幼い国王を補佐する立場にいる彼は、静かに頷いて書類にサインを施す。サラサラと慣れた名前を記して、最後に印を押した。
「では、お預かりいたします」
「頼む」
鷹揚に応じたウィリアムに頭を下げ、役人が下がった。それを待っていたように、薔薇を愛でていた少年が振り返る。

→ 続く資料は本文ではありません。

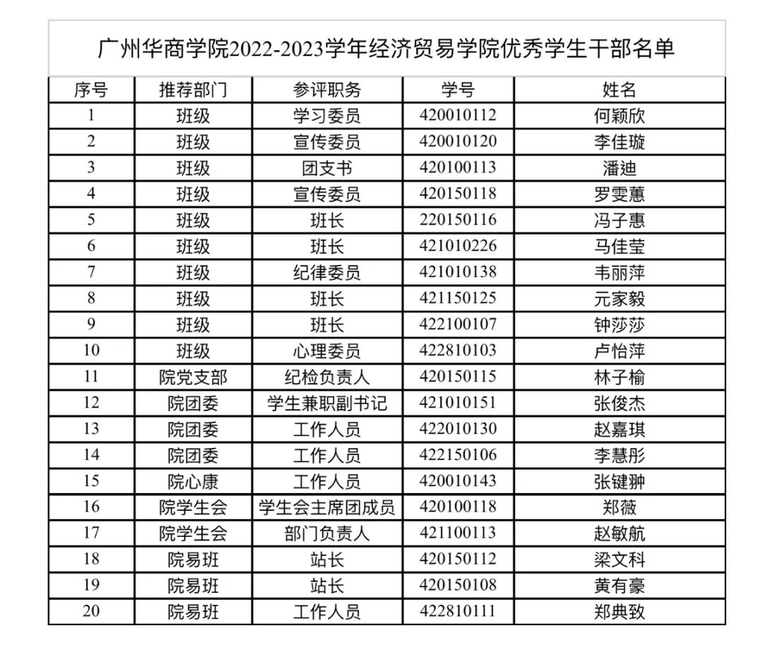 根据广州华商学院《关于做好2022-2023学年优秀学生干部评选工作的通知》文件内容,经济贸易学院本着“公开、公正、公平、择优”的原则,认真组织2022-2023学年评选工作。经学生自主申请,班级评议、辅导员评审,我院决定拟推荐何颖欣等20名同学为优秀学生干部。

甘えた仕草で両手を伸ばすのを確認すると、先ほどまでの厳しい表情が嘘のように顔を綻ばせ、三つ編みを揺らすウィリアムが歩み寄った。
「ウィリアム」
強請る声に促されるまま、そっと細い体を抱き上げる。
年齢より小柄なエリヤは、艶やかな黒髪をウィリアムの首筋に埋めて腕を回した。
しっかりと抱き着く存在を愛しいと思いながら、ウィリアムは東屋に設えられた長椅子に少年を横たえた。
三つ編みの先を握って離さない幼い仕草に苦笑しつつ、長椅子の足元に膝をつく。
ウィリアムの身を包む上質な服は、特権階級であることを示していた。本来国王の側近として、唯一国政に口出しを許された執政は、政治の面から言うなら『国王の代理たる権限』まで有する。
その身分を与えた少年の前に跪き、青紫の瞳で主を仰ぎ見た。